Security Considerations and Known Attacks
- NEA0/NIA0 downgrade attacks: An active attacker (fake base station) could attempt to force the UE to use null encryption. 5G mitigates this because NAS integrity (NIA) is established before encryption, and the Security Mode Command itself is integrity-protected. The UE rejects any NAS SMC requesting NIA0 unless it is an emergency call context.
- Key reuse (COUNT wrap-around): If the PDCP COUNT (32 bits) wraps around, the same keystream would be reused, enabling a known-plaintext attack. At maximum 5G NR throughput, COUNT wrap-around occurs after approximately 4 billion packets -- operators must trigger a key refresh (intra-cell handover or re-authentication) before this threshold.

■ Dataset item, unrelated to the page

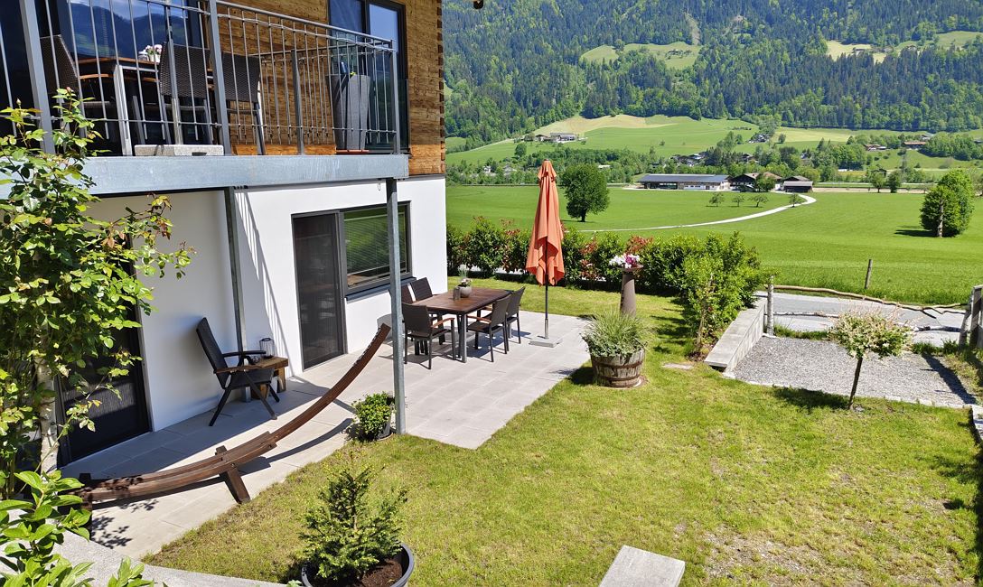Het met tafel, stoelen, zonnescherm en hangmat uitgeruste terras met kleine tuin, zorgt er met zijn uitzicht op de Wilde Kaiser niet alleen voor dat u de tijd graag buiten door wilt brengen, maar nodigt ook uit tot het maken van meerdere mooie en leuke vakantiefoto´s.

- Algorithm agility: The 5G framework supports adding new algorithms (NEA4, NIA4, etc.) without changing the architecture. This forward-compatibility is critical for the eventual transition to post-quantum algorithms, which 3GPP is studying under TR 33.870 (Study on post-quantum cryptography).

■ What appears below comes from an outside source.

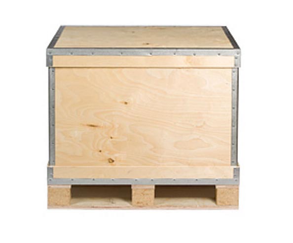 - La caisse est composée d'une palette 4 entrées, d'une ceinture pliante et de deux couvercles coiffants (flanche de 75mm de long).
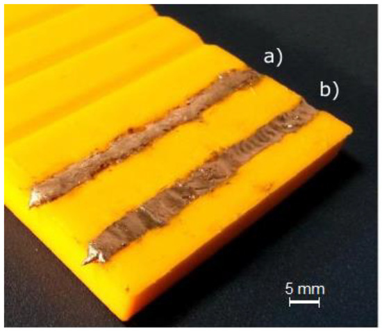 Conductive paths obtained using aluminum nozzle by filling grooves in ABS substrate with (a) Sn99Ag0.3Cu0.7 and (b) Sn60Pb40 solder alloy.

Key Takeaway: 5G defines three encryption algorithms (NEA1/SNOW, NEA2/AES, NEA3/ZUC) and three integrity algorithms (NIA1/NIA2/NIA3), all operating on 128-bit keys derived from the USIM root key K via HMAC-SHA-256. NEA2/NIA2 (AES-based) is the de facto global standard due to 3--5x performance advantage from hardware acceleration. 5G mandates integrity protection on both NAS and RRC signaling, and introduces optional user-plane integrity protection -- a critical security improvement over 4G LTE. Operator data from Deutsche Telekom and SK Telecom confirms 99.7%+ adoption of AES-based algorithms with zero reported downgrade attacks in production 5G SA networks.